You are viewing a plain text version of this content. The canonical link for it is here.
Posted to user@pig.apache.org by michael <mi...@gmail.com> on 2013/11/22 02:03:11 UTC

Script produces incorrect output unless ColumnMapKeyPrune optimisation is disabled.

Hello,

My script it gives incorrect output when ColumnMapKeyPrune optimisation is
enabled (as it is by default).

"pig -x local myscript.pig" produces incorrect output in output/e.csv.

However "pig -x local -t ColumnMapKeyPrune myscript.pig" works correctly.

I checked the bug list but couldn't find anything related.

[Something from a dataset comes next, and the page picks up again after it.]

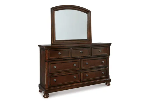The quality craftsmanship is clear to see. The classic design elements—including inlaid panels, antiqued hardware and bun feet—are easy to love. Satisfying your taste for vintage inspiration, the Porter dresser is elegant without looking fussy. Seven roomy drawers keep your wardrobe organized in style, while a hidden pull-out tray puts your small valuables out of sight. The beveled mirror frame beautifully echoes this dresser’s rustic finish.

Am I doing something wrong?  Is this a known issue or should I raise a new
bug report?

I am running Apache Pig 0.11.1 on Linux.

Regards,
Michael


To reproduce here are the script and data file contents:
---------------------------------------------------------------------------------------
myscript.pig

register /usr/local/pig/contrib/piggybank/java/piggybank.jar;
define CSVLoader org.apache.pig.piggybank.storage.CSVLoader;
define CSVExcelStorage org.apache.pig.piggybank.storage.CSVExcelStorage;

a1 = load 'test1.csv' using CSVExcelStorage(',') as (
    A:chararray,
    B:chararray,
    C:int,
    D:chararray,
    E:chararray,
    F:chararray,
    G:int,
    H:chararray);

split a1 into
    a2 if B != '' and F != '',
    e0 otherwise;

e1 = foreach e0 generate A, B, F, H, D, E, G;
x1 = foreach a2 generate A, G;

a4 = load 'test2.csv' using CSVExcelStorage(',') as (A:chararray);
x2 = foreach a4 generate A;

x3 = join x1 by A left, x2 by A;

STORE e1 into './output/e' USING PigStorage(',', '-schema');
STORE x3 INTO './output/x' USING PigStorage(',', '-schema');

fs -rm output/e/.pig_schema;
fs -getmerge output/e output/e.csv;

---------------------------------------------------------------------------------------
test1.csv

a,x,1,,,x
b,x,1,,,x
c,x,1,,,x
d,x,1,,,x
e,x,1,,,x
f,x,1,,,x
g,x,1,,,x

---------------------------------------------------------------------------------------
test2.csv

a
b
c
d
e